OpenCoder: A Fully Open-Source Code LLM Among the Top Performers
OpenCoder: Fully open-source code LLM, leading in performance, ideal for research with comprehensive reproducible data processing and training details.
The Code Large Language Model (CodeLLM) has become essential in various domains, such as code generation, reasoning tasks, and intelligent agent systems.
Despite the performance of open-source CodeLLMs gradually approaching that of proprietary models, high-quality CodeLLMs suitable for scientific research remain very scarce, especially those with fully reproducible processes for data cleaning, synthetic data generation, and model training.
This scarcity stems from several challenges, including resource limitations, ethical considerations, and the need to maintain competitive advantages.
To bridge this gap, the research team has launched OpenCoder, a series of CodeLLMs that rank among the top-tier models, matching the performance of leading models while providing the research community with comprehensive construction details.
Unlike most previous work, OpenCoder not only releases model weights and inference code but also offers reproducible training data, complete data processing procedures, rigorous experimental ablation results, and detailed training information, providing comprehensive resources for scientific research.

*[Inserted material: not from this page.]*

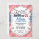 Train Engine, Red Stripes Blue Polka Dot Birthday Invitation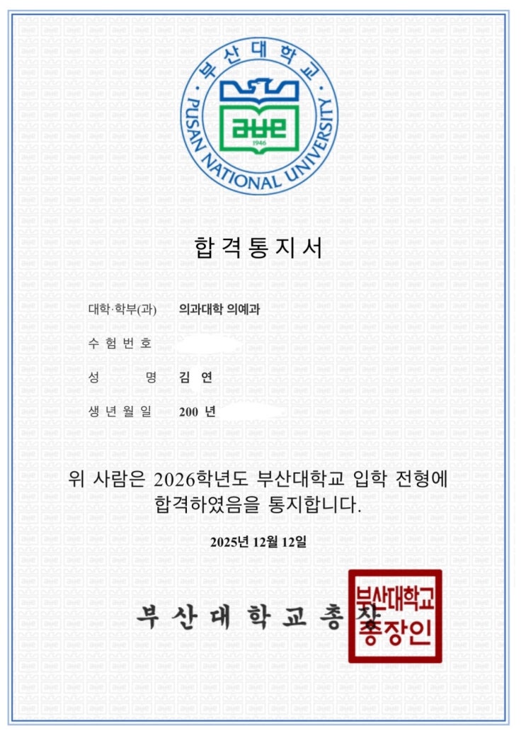 합격을 축하합니다. 올 한 해 정말 마음고생 많았습니다. 부산대 의과대학 의예과 지역인재 논술전형(수리논술) 합격 부산중앙여고 김O연 문의 010-8341-5505 부산논술 토마토학원(인스카이토마토학원) 부산 수영구 수영로 남천동 19-2 (수영로406) 대로변 새마을금고건물 3층 지하철 2호선 남천역 <img src="https://blogthumb.pstatic.net/MjAyNTEyMjRfNTgg/MDAxNzY2NTc2Mzc3Njc0.UkaIj14CP1XWXsjxcgxXuwBNBZdkZsT8mEA9cRRaskgg.eTbRdx-HMzKgyqOWnUMiOENleQgMQWm-Lx_5-P4T85og.JPEG/%BA%CE%B4%EB%C0%C7%BF%B9%B1%E8O%BF%AC.jpg?type=s3" />

The research team identified the key factors in building a high-quality CodeLLM as follows:
Data quality is crucial, with code pre-training data requiring refined heuristic rules for cleaning and deduplication at the file level.
Incorporation of code-related text from web sources in the pre-training data.
Use of high-quality synthetic data during annealing and supervised fine-tuning stages.
The OpenCoder team aims to promote an in-depth understanding of CodeLLM by increasing openness, making OpenCoder not just a powerful model but an open foundational platform to accelerate research progress, promote reproducibility in code AI, and close the gap between the open-source community and the industry.